Sekiz; Düşman için Kürtleri haince, komplolarla öldürmek.
Dokuz; Kürdistan parçaları arasında hendekler kazmak.
On; Bir Kürt diğer parçalara giderse onu yabancı görmek, ama diğer parçaları işgal etmiş bir sömürgeci bile gelse onu meşru görmek. Onlara büyük kardeş ile hitap etmek.
On bir; Kürdistan’ın zenginliklerini bir aileye, bir guruba vermek.
On iki; Kürdistan halkına baskı uygulamak, yoksullaştırmak.
On üç; İşbirlikçiliğe siyaset diyerek propaganda yapmak. Halka yalan söylemek.
On dört; Dış desteği ilkesizce istemek, bunu başarının temeline koymak.
On beş; Kürdistan tarihini ve Kürt halkının direnişi unutturmak. İftira atmak.
On altı; Kürdistan’da kendinden başka tek bir güç istememek. Diğer Kürt örgütlerine düşmanın kullandığı dille saldırmak.
On yedi; Kürdistan’ın bir parçasındaki özgürlük mücadelesini engellemek. Bunun için düşmanla anlaşmalar yapmak.
On sekiz; Kürtlerin beraber yaşadığı halklara milliyetçi ideoloji ile bakmak.
On dokuz; Zora girince ülkeyi bırakıp kaçmak.

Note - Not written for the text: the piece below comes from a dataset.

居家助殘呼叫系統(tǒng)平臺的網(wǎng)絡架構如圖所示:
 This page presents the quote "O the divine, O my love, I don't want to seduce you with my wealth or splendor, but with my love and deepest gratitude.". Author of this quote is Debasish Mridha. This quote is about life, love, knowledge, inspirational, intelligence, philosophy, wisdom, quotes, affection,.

Sömürgeciler isterse yüz bin silahlı güç de olsa ‘aş betal’ yapmak.
Yirmi; Êzdîler gibi kadim ancak sayıca az Kürtleri insandan bile görmemek.

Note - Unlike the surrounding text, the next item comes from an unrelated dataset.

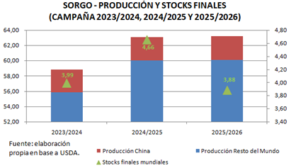 Este incremento en la demanda china se traduce en un aumento de sus importaciones, lo que empuja también al alza el comercio mundial. Como consecuencia, los stocks finales proyectados resultan menos holgados que en la campaña previa, aun con una producción global similar.
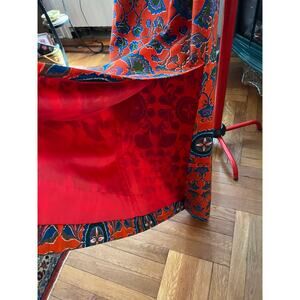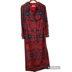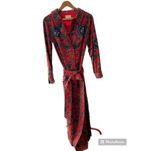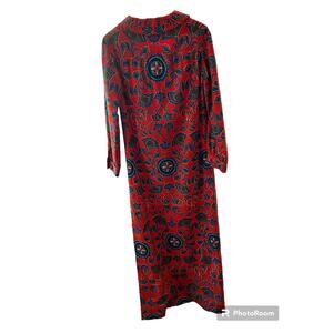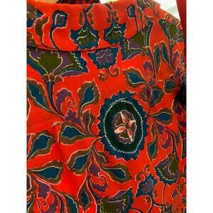 Beautiful lined Abercrombie 100% Wool, hand screened dress. Item is collared, has long sleeves that button at wrist and a 5 front button opening front before full closure just a bit below waist. Dress has two big front pockets and a gorgeous 3 inch wide belt. There is a substantial slit on left side. Gorgeous. Item is in excellent condition. Colors are vibrant and crisp. Happy to answer any questions on piece.

Yirmi bir; 3 Ağustos 2014 Şengal katliamında görüldüğü gibi çıkarları için Kürtleri soykırımlara maruz bırakmak.
Yirmi iki; Kürt birliğinin gelişmemesi için lehçeler arasında ayrım yapmak. Kürtlerin ortak bir alfabe kullanmasını engellemek.

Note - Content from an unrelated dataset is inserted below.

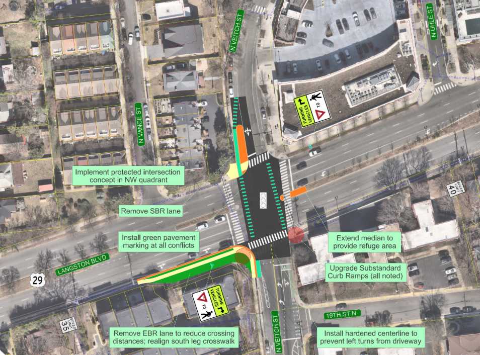 The Virginia Department of Transportation (VDOT) has released a set of six conceptual sketches at Langston Blvd intersections between N. Lynn Street and N. Veitch Street. The agency is seeking more public feedback as part of an attempt to strengthen safety and operations along the busy road and the nearby Custis Trail.

Yirmi üç; Kürt kültür ve sosyal yaşamını geliştirecek çalışmalar yerine sömürgecilerin soykırımcı politikalarını dikkate alarak yozlaştırıcı popüler kültürü yaymak.
Yirmi dört; Kürtleri geliştirecek, ilim ve teknikle bulaştıracak bir eğitim politikasını bilinçlice engellemek.
Yirmi dört; bilimsel teknik gelişmelere ödenek ayırmamak. Buna dönük eğitim yapmamak. Okullar açmamak.
Yirmi beş; Tarım ülkesi Kürdistan’da tarımı bitirmek. Halkı sömürgecilerin mallarına muhtaç etmek. Bunları kurduğu şirketlere getirip halka satmak. Halkın malını çöpe attırmak.
Yirmi altı; halkı üretime teşvik etmemek. Para dağıtarak kendine bağlamak.
Bu maddeleri daha da çoğaltabiliriz. Bu siyasetin Kürtler içindeki temsilini KDP yapmaktadır. KDP içinde de bu işin sorumlusu Barzani ailesidir. Bunlara göre siyasi parti ailelerinin tarikatıdır. Parti üyelerine ve diğer parçalardaki yandaşlarından kendilerine müritlikle bağlı olmalarını istemektedirler. Böyle bağlanmazsanız para vermem demektedirler.
KDP 2003’ten beri bu çizgisini Kürdistan’ın diğer parçalarına da dayatmak için yoğun çalışıyor. Gasp ettiği petrol paralarını bu iş için kullanıyor. KDP en çok Türk devleti ile iş tutuyor. Bu da bu çizginin ne kadar Kürtlerin demokratik uluslaşmasına karşı olduğunu gösteriyor. Bu çizgisini şimdilerde Türklerin desteği ile ENKS adı altındaki guruplarla Rojava’ya dayatmak istiyor.
KDP siyasetinin Kürt ve Kürdistan karşıtı olduğu artık çok daha netleşmiştir. Bu, Heftanin’de Türklerin saldırısında ortaya çıkmıştır. Son günlerde Rojava ile Başur arasında hendek kazmaya başlamıştır. Burada Saddam’ın eski kalelerini onarmakta, tahkim etmektedir. Buralara yerleştirdiği teknik ekipmanlarla Rojava’yı izlemekte ve dinlemektedir. Aldığı bilgileri Türklere vermektedir. Oradaki kimi kameraların başında doğrudan Türk MİT elemanları oturmaktadır. Bu siyaset işgalcilerin yıllardır uyguladıkları siyasetin yeni teknik ekipmanlarla sürdürülmesidir.
Kürdistan parçalarını düşmanlarımız parçalamıştır. Parçalar arasında sınır kapılarını işgalciler yapmış, mayınlar döşemiş, teller çekmiş, hendekler kazmış, duvarlar yapmıştır. KDP aynı bu geleneği sürdürüyor. Demek ki Başurda halkın da söylediği gibi Saddam gitmemiştir. Tüm bunlar bizim bir şeyler söylememizi anlamsız da kılıyor. KDP yaptıkları ile kim olduğunu, kimden yan ve dost kime düşman olduğunu yaptıklarıyla gösteriyor.
KDP’nin Başur merkezli, aparatlarıyla da diğer parçalarda yaptıklarına Kürt halkı olarak artık sessiz kalmamalıyız. Başur’da KDP’yi sıfırlamak gerekir. ENKS denilen yapıyı halka ve ülkeye ihanet suçunda ötürü tutuklamak ya da dağıtmak gerekir. Rojava yönetimi yapmıyorsa da halkın sokağa dökülmesi gerekir. Sömürgeci Türklerin içimizde yeri yok kararlılığını artık pratikte de göstermenin zamanı gelmiştir.